I spent twelve years in the U.S. Army, five on active duty and seven with the Texas Army National Guard. Of the seven years, two were active duty: half a year supporting the Texas airport security mission after the attacks in 2002, and eighteen months training up for and deployed to Iraq in 2004 and 2005.
When people learn that, they usually thank me for my service. I respond, It was my honor.
And it certainly was. But I have to be honest–I’ve never felt like a veteran.
I look at the men and women who returned from World War II, Korea, Vietnam, Somalia, the Gulf War, and I think those are real veterans. They lived real war.
I look at the men and women who returned from Iraq and Afghanistan post-traumatic, missing limbs, smiling and living what look like normal lives with their prostheses, and I think those are real veterans. They’re the ones who saw what that war was really like.
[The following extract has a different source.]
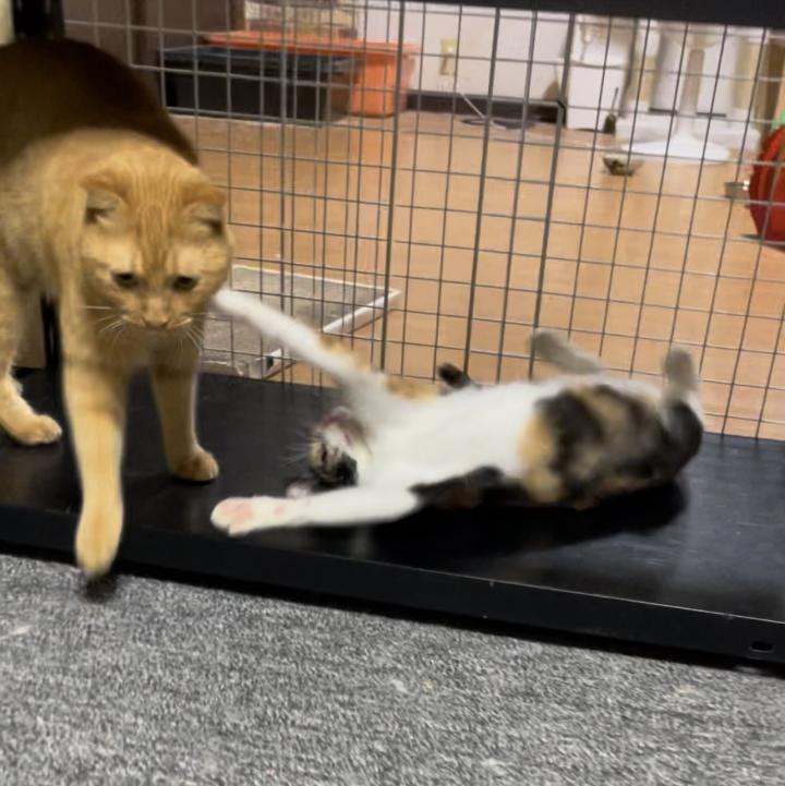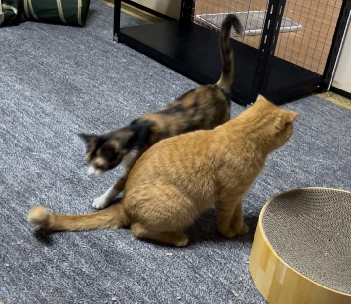 飼い猫の方も、威嚇や嫌悪感も無さそうに尻尾をあげ、数分後には遊び始めておりました(´,,•ω•,,`)
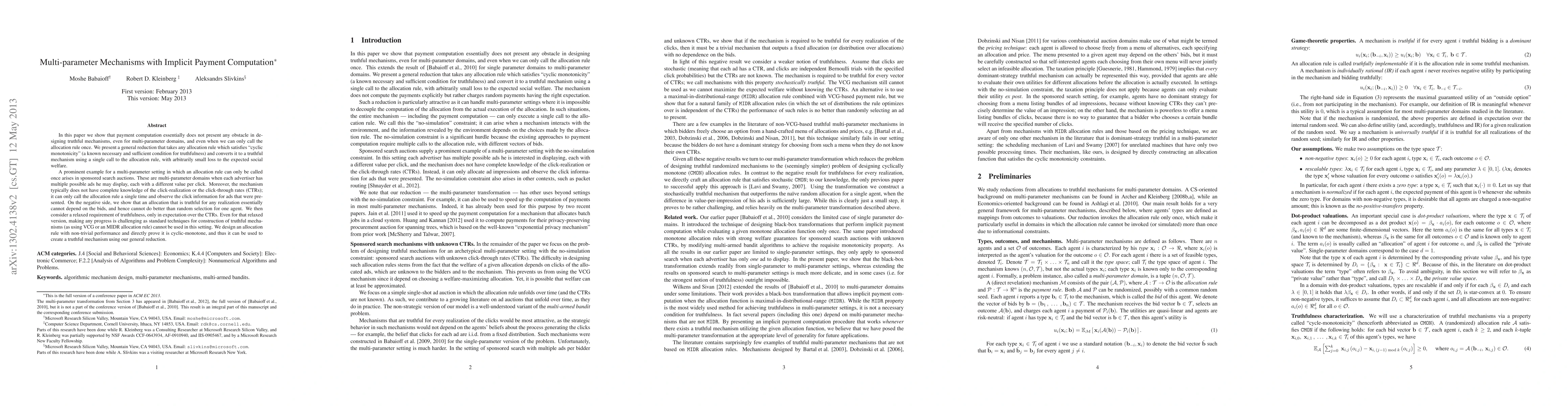 This paper demonstrates that designing truthful mechanisms in multi-parameter domains, such as sponsored search auctions, does not hinder payment computation, even when the allocation rule can only be called once. It presents a reduction that converts cyclic-monotonic allocation rules into truthful mechanisms with minimal welfare loss.

I look at myself in the mirror and I see a father, a husband, a writer. An overweight, middle-aged guy who loves his family and works hard to make sure they’re taken care of.
I don’t see a veteran.
I deployed to Iraq an infantry rifle company commander in January 2005. In my year in country, I got shot at twice–once when some chucklehead lobbed two mortar rounds over the wall of Camp Echo and once when a convoy I was riding in was ambushed on the road to Baghdad. Nobody was hit in either incident, and even the ambush was over in about fifteen seconds.
Two months into my tour, I rotated out of company command and into a staff position. It wasn’t a relief for cause–but I was fired, just the same. Fired for indecisive leadership. Fired because I wasn’t fit to command an infantry rifle company in combat.
I don’t know whether my battalion commander found it a difficult decision or not. Honestly, it was the right call. I’m grateful to him for making it before I got somebody killed.
But it’s something I’ve been carrying around for almost ten years now. A secret shame I’ve been holding close since then. Until now, I could count the number of people who knew the real story on one hand.
I like to think I went on to redeem myself. I took a liaison job with a multinational division in whose area my brigade conducted operations. Before I took the job, one of our outposts exchanged fire with a Bulgarian patrol, killing one soldier. After I took the job, we had no more incidents.
And as soon as we returned, I submitted my resignation and shut the Army out of my life.
I never really fit in the Army, never felt like part of the culture. I like to think I did my best while I was in, but I rarely felt like my best was particularly worthy of the soldiers I had the honor of leading.
It was an honor, to be sure. I met the best people I’ve ever known–and a few of the worst–in the Army. In some ways, I miss it. You don’t wonder whether your work is worthwhile when it might save somebody’s life.
And maybe now, I can finally feel proud of my service. Because I served. I stayed longer than many of my contemporaries, I served with honor, and I went to war when my country called.
That makes me a real veteran. And it was my honor.